When Sir Jim Ratcliffe admitted he and the club are yet to lay out a detailed plan on the future of Manchester United Women, he inadvertently exposed a glaring oversight in the new ownership’s approach.

After the 71-year-old billionaire purchased a minority stake in the Red Devils earlier this year, there was a renewed sense of optimism after years of neglect from the Glazers. There was finally a reason to be excited about the future and what could be achieved – yet that hopefulness is yet to transpire to the women’s side.

Ratcliffe’s lack of interest in Marc Skinner’s team was evident in May when they made history to win the FA Cup, their first piece of major silverware in the women’s game, beating Tottenham Hotspur in the final at Wembley. While Spurs had club chairman Daniel Levy watching on in the stands, United’s new co-owner instead chose to be at Old Trafford for a Premier League game against Arsenal. A simple good luck message had to do.

Therefore, it’s hard to blame United fans for being even more incensed by the INEOS CEO’s recent comments when asked about the plans and developments of the women’s team. 

“We haven’t got into that level of detail with the women’s football team yet,” he said in an interview with Bloomberg that was released last week. “We’ve been pretty much focused on resolving the first team issues and that’s been pretty full-time for the first six months.”

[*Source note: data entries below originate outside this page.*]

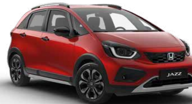
Premium Crystal Red Metallic

Vi har skapt et bredt spekter av farger som passer perfekt til den nye, stilige Jazz Crosstar, og som suppleres med vårt utvalg av setetrekk av høy kvalitet.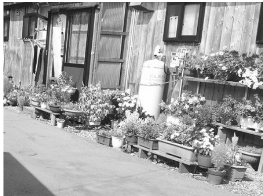
家の前を綺麗に花で飾った住戸（本町）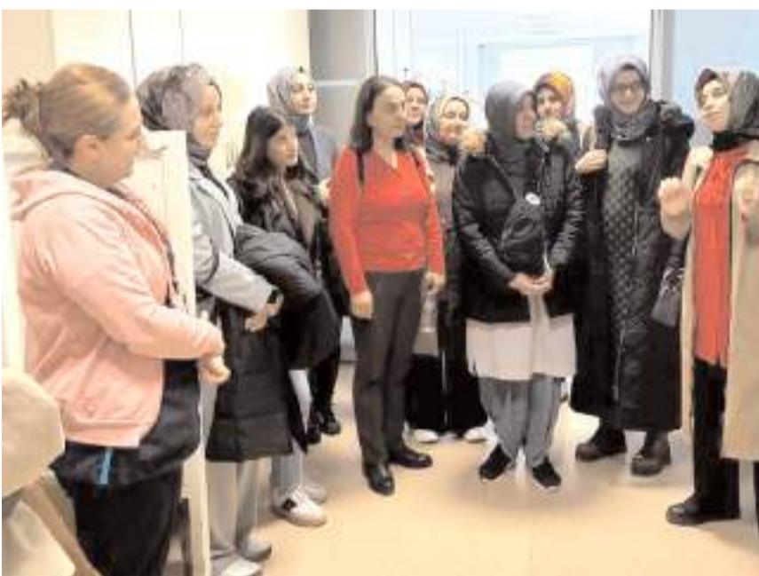
Teorik eğitimlerin yanı sıra interaktif oturumlar, vaka analizleri ve deneyim paylaşımlarına da yer verildi.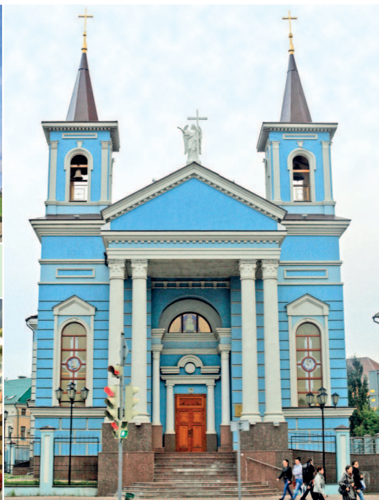
Католический храм Воздвижения Святого Креста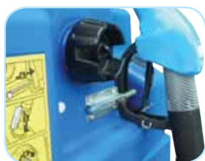
Bouchon avec évent et support pistolet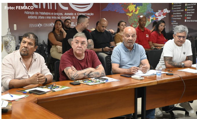
Reunião da campanha salarial 2026 conduzida pela FEMACO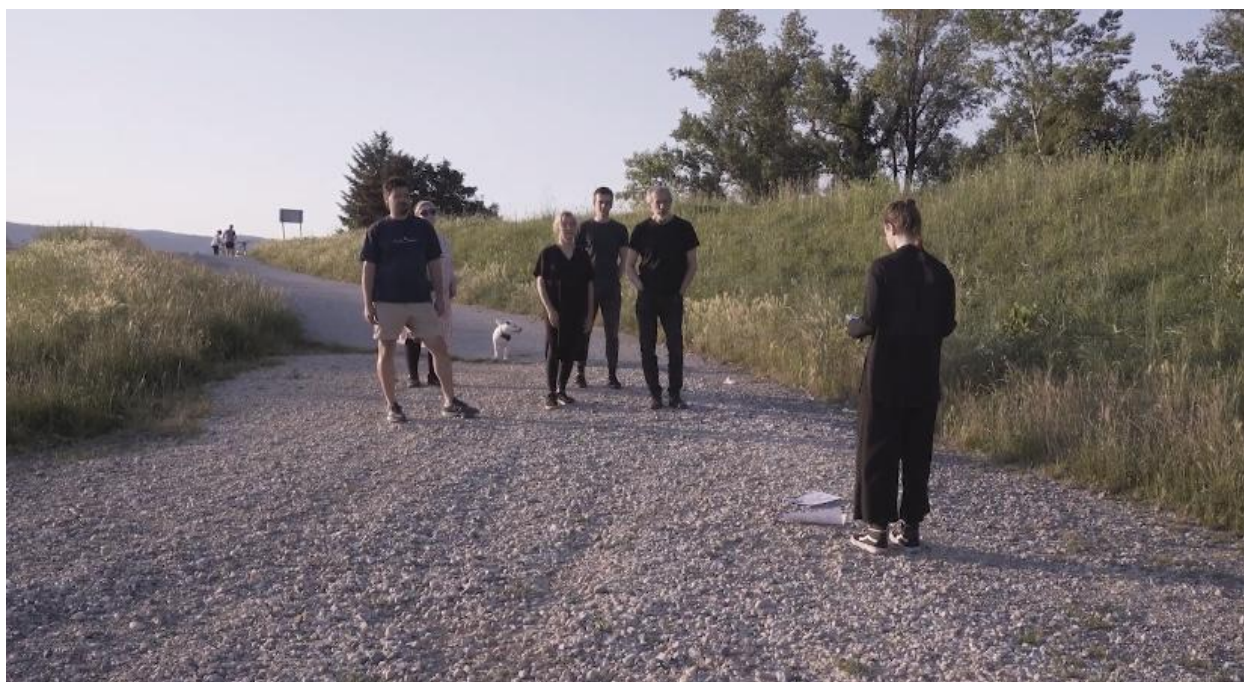
Lice prirode, 2024., detalj

„Hodanje do određenih puteva daje mi priliku da usporim, da se vratim u svoje tijelo kroz intiman odnos prema prirodi. Kuda idem slijede me gorki koraci, donosi nemir. Sve se rumeni i crveni, neprestano i ne prestaje, emocionalno boli i boli. I sada lice vraćam u život, treba da cvjeta.”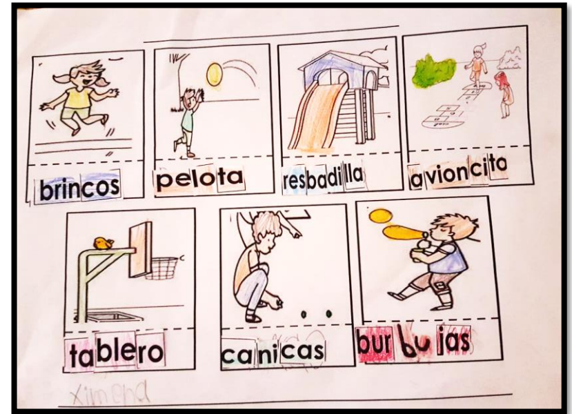
Imagen 4. Resultado de la actividad 3 de la sección “el recreo”, elaborada por una estudiante de 2º “B”.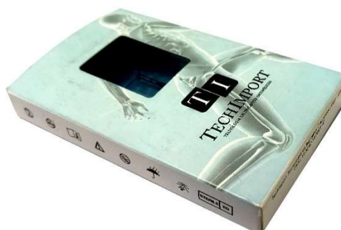
Figura 4– Representação da embalagem contendo o implante e os rótulos (imagem meramente ilustrativa)

O produto médico é colocado no blister primário e selado. Em seguida, o blister primário é colocado no blister secundário e selado, conforme sequência indicado na figura 3. Os blisters contendo o implante é colocado dentro da caixa individual: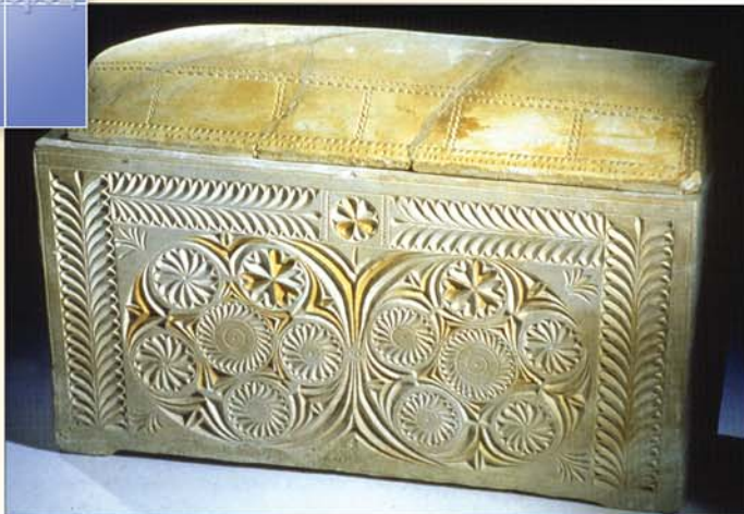
Тази костница (каменен ковчег) съдържа тленните останки на Йосиф Каяфа, първосвещеника, по време на който се провежда съдът над Исус.

Пилат Понтийски, Сергей Павел, Галион, Феликс, Фест.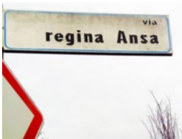
Foto 1. Via Regina Ansa, a Brescia

la funzione chiave svolta dalle sue regine in tale ambito. Al consolidamento della pratica potrebbero aver contribuito i notabili romani che accettano di collaborare con la monarchia longobarda, eredi non solo delle tradizioni romane, ma anche di quelle dei Goti, che prevedono la prassi della reggenza del potere da parte della madre; un altro fattore importante è la tendenza all'ereditarietà della dignità regia, che si sovrappone nel tempo al criterio elettivo. Le regine longobarde sono attive in ambito religioso e impegnate a favore dei poveri, una funzione tipica di sovrane e imperatrici, derivante dall'estensione della dimensione materna all'insieme dei sudditi. Il nome della regina appare spesso accanto a quello del re in atti e donazioni, mentre il suo mantenimento viene assicurato dalle rendite di alcune proprietà terriere, le " curtes domnae regiae ", situate probabilmente presso la capitale Pavia.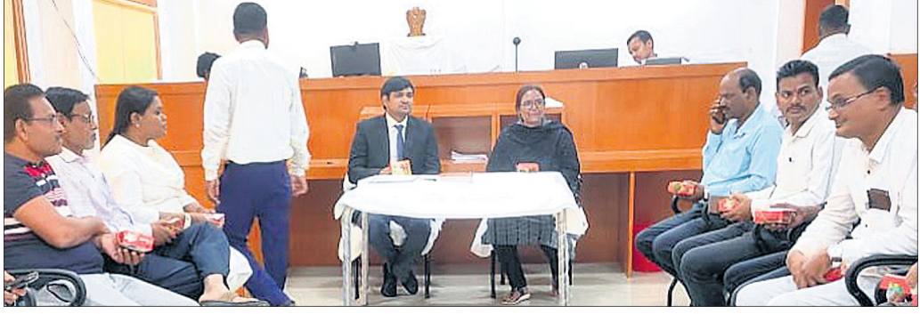
ଆୟୋଜିତ ଲୋକ ଅଦାଲତରେ ବିଚାରପତି ଓ ଅନ୍ୟମାନେ ।

ରଣପୁର, ୯.୧୨ (ସୁନୀଲ କିଶୋର ଚାନ୍ଦୁଆ) ନୟାଗଡ଼ ଜିଲ୍ଲା ରଣପୁର ଦେଶୀୟ ଚୌକିଦାରୀ କୋର୍ଟ ପରିସରରେ ଶନିବାର ଚତୁର୍ଥ ଜାତୀୟ ଲୋକ ଅଦାଲତ ଅନୁଷ୍ଠିତ ହୋଇଯାଇଛି ।

The interviewer went on to ask: “So to be confirmed?”

“Correct,” he replied.

Katie ZelemKatie Zelem

Man Utd’s women’s team won this year’s FA Cup / Visionhaus/GettyImages

Ratcliffe’s remarks, outlining that full focus has been on the men’s senior side following his arrival earlier this year, reveal a troubling complacency that leaves the club walking a fine line in terms of their status as a significant power in the WSL. They only have to ask rivals Liverpool what years of neglect and a lack of vision or direction can lead to.

Skinner and co are on the brink of a critical period. A handful of senior players, including goalkeeper and England international Mary Earps, are out of contract this summer and there has so far been little movement with regards to a new deal. 

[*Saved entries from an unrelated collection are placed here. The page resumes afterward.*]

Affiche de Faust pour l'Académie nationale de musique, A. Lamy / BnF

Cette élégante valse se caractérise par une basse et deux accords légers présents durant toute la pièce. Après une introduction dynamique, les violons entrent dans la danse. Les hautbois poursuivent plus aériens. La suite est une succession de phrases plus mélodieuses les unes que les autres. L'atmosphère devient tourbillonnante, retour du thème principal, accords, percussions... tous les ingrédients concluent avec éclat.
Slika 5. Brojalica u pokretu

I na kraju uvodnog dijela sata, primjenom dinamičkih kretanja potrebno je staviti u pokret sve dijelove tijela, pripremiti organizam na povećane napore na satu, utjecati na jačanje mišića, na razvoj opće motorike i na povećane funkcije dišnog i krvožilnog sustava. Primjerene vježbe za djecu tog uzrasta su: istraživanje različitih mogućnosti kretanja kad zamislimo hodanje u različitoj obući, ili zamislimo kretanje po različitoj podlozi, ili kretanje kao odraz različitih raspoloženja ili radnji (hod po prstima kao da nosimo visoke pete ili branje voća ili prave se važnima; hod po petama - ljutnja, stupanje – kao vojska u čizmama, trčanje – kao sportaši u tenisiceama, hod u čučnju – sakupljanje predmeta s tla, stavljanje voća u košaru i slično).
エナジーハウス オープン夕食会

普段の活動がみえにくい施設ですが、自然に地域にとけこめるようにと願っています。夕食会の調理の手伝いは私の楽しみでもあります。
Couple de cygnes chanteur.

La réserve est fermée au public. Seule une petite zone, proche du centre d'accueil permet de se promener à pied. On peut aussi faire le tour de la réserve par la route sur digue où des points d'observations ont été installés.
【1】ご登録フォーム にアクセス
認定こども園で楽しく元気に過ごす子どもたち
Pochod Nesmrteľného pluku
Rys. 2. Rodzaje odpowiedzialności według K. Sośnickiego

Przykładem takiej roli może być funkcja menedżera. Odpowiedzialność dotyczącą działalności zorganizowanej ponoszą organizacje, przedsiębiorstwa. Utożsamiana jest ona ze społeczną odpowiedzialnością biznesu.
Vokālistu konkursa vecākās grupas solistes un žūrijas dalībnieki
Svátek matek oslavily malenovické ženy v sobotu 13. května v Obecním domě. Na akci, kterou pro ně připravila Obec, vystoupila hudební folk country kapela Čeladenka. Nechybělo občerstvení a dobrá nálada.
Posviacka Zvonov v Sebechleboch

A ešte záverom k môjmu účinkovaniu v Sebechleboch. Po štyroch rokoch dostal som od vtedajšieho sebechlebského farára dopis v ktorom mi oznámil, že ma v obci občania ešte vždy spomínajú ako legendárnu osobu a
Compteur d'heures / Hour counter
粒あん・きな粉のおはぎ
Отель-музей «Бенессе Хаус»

Earps spoke very candidly after the curtains were drawn on a very mixed season for the Red Devils. FA Cup glory aside, their league form was far from consistent and they slipped out of the top four, with Liverpool claiming their spot in the latter stages of the campaign.

“The honest reality is that conversations are still ongoing,” the England shot-stopper said in an interview with Sky Sports last month. “I’ve been clear I don’t want to make an emotional decision.

“The beginning of the season was really tough, I felt really upset about things that were being said about me and things that came out that weren’t true. I’ve tried to be professional, keep my head down, work hard, [and] get on with my job, and that’s been hard. I’ve been a punching bag at times.

“I’ve tried to shoulder the responsibility of the team and the performance and where we fell short this season. That’s what you should do as a leader, and as a more experienced player, you have to stand up in those moments.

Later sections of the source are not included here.